At that time, and in those circumstances, and given our shared history and values, I judged that, ultimately, it was in our national interest to stand beside the Americans.
There were many who argued that we should stay out; we should say “no” to the Americans for a change; that the true measure of a good friend was a willingness to disagree when the circumstances called for it, and that in the case of Iraq we would hurt our country by backing the United States, and that in the long run declining to participate in the coalition of the willing would be good for the alliance. That argument escaped me then, and it still does. In my view the circumstances we recall tonight necessitated a 100 per cent ally, not a 70 or 80 per cent one, particularly as no compelling national interest beckoned us in the opposite direction...
To what extent has democracy really taken root in Iraq, and to what degree, if at all, have events in Iraq, had an impact on the rest of the Middle East? I hope I won't be accused of invoking the Chou en Lai defence, when I say that more time should be allowed to pass before attempting to fully answer those questions.
Also back in 2013, The Interpreter hosted a debate on the war, ten years on.

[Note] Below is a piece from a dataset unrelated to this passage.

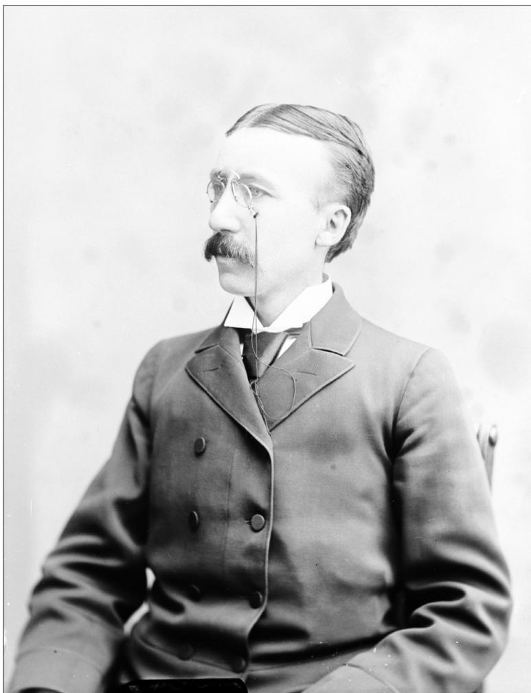
FIGURE 8-1: HON. PASCAL POIRIER, SENATOR, MAY 1892. TOPLEY STUDIO FONDS / LIBRARY AND ARCHIVES CANADA / PA-033713.

islands in the northern hemisphere. It should be added, of course, that some of the Antarctic sectors (notably the Australian, New Zealand, Chilean, and Argentinean) are located roughly south of the claimant states, but since the distances in between are approximately 500 or 600 miles at the minimum and several times as much at the maximum, it would appear to be stretching any “principle” based upon the sector concept rather far to assert a claim on that basis.

Here is Alexander Downer (Australia’s foreign minister from 1996 to 2007, and current High Commissioner to the United Kingdom) writing on why the Iraq War was right:
I'm one of those few people who occasionally part company with foreign policy realists. They are right to a point. It makes sense to pursue a foreign policy based on national interests. Sometimes we have to do business with regimes we don't approve of. After all, we deal with the Chinese, who take 25% of our exports. And we don't much like their political system.
But there is a limit to this sort of pragmatism. These days we are entitled to take the view that a government which commits the most egregious of human rights abuses loses the authority to remain both in power and a respected partner of the international community. The international community has to stand for something. It has to have some universal values.
Downer’s final paragraph is a sober reminder of just how much has changed in three years:
These days, Iraq has an unsteady democratic government and its economy is growing. There is still sectarian violence which only a return to autocracy would stamp out. And Iraq is a benign player in the volatile world of Middle Eastern politics. All that's a big improvement on pre-2003 Iraq.